NDAA, if you recall, is the National Defense Authorization Act, the bill that Barack Obama signed as his personal gift to a sleeping nation on New Years Eve. It authorized indefinite detention of U.S. citizens by the military — since the battlefield is everywhere, you can be arrested anywhere. You read that right.

There has been quite the groundswell of reaction, including at our site. Here's the latest, from Chris Hedges (my emphasis and some reparagraphing):
Why I’m Suing Barack Obama

Attorneys Carl J. Mayer and Bruce I. Afran filed a complaint Friday in the Southern U.S. District Court in New York City on my behalf as a plaintiff against Barack Obama and Secretary of Defense Leon Panetta to challenge the legality of the Authorization for Use of Military Force as embedded in the latest version of the National Defense Authorization Act, signed by the president Dec. 31.

The act authorizes the military in Title X, Subtitle D, entitled “Counter-Terrorism,” for the first time in more than 200 years, to carry out domestic policing.

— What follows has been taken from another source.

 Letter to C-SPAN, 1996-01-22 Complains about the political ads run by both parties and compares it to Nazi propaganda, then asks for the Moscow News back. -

With this bill, which will take effect March 3, the military can indefinitely detain without trial any U.S. citizen deemed to be a terrorist or an accessory to terrorism. And suspects can be shipped by the military to our offshore penal colony in Guantanamo Bay and kept there until “the end of hostilities.” It is a catastrophic blow to civil liberties.
Hedges, a veteran war reporter (and one of the best before he stopped), then talks about his experience in countries with "military gulags":
I spent many years in countries where the military had the power to arrest and detain citizens without charge. I have been in some of these jails. I have friends and colleagues who have “disappeared” into military gulags. I know the consequences of granting sweeping and unrestricted policing power to the armed forces of any nation. And while my battle may be quixotic, it is one that has to be fought if we are to have any hope of pulling this country back from corporate fascism. ...

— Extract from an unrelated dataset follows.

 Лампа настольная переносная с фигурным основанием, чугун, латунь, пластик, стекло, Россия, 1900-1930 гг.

I met regularly with leaders of Hamas and Islamic Jihad in Gaza. I used to visit Palestine Liberation Organization leaders, including Yasser Arafat and Abu Jihad, in Tunis when they were branded international terrorists. I have spent time with the Revolutionary Guard in Iran and was in northern Iraq and southeastern Turkey with fighters from the Kurdistan Workers’ Party. All these entities were or are labeled as terrorist organizations by the U.S. government. What would this bill have meant if it had been in place when I and other Americans traveled in the 1980s with armed units of the Sandinistas in Nicaragua or the Farabundo Marti National Liberation Front guerrillas in El Salvador?

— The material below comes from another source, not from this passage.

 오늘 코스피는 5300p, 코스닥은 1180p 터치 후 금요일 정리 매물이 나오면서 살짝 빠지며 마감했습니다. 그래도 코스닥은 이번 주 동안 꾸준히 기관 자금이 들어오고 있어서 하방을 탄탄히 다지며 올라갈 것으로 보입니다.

What would it have meant for those of us who were with the southern insurgents during the civil war in Yemen or the rebels in the southern Sudan? I have had dinner more times than I can count with people whom this country brands as terrorists. But that does not make me one.
To that last question, I can answer the implied answer ("Well, we would not have arrested you") with two words — selective enforcement. What better way than selective enforcement to achieve this goal:
But I suspect the real purpose of this bill is to thwart internal, domestic movements that threaten the corporate state. ...
Please do read the whole thing.

As he says, the gesture may be quixotic; but if you don't push back, you lose for sure. Thank you for your service.

[Update: Fixed bad link.]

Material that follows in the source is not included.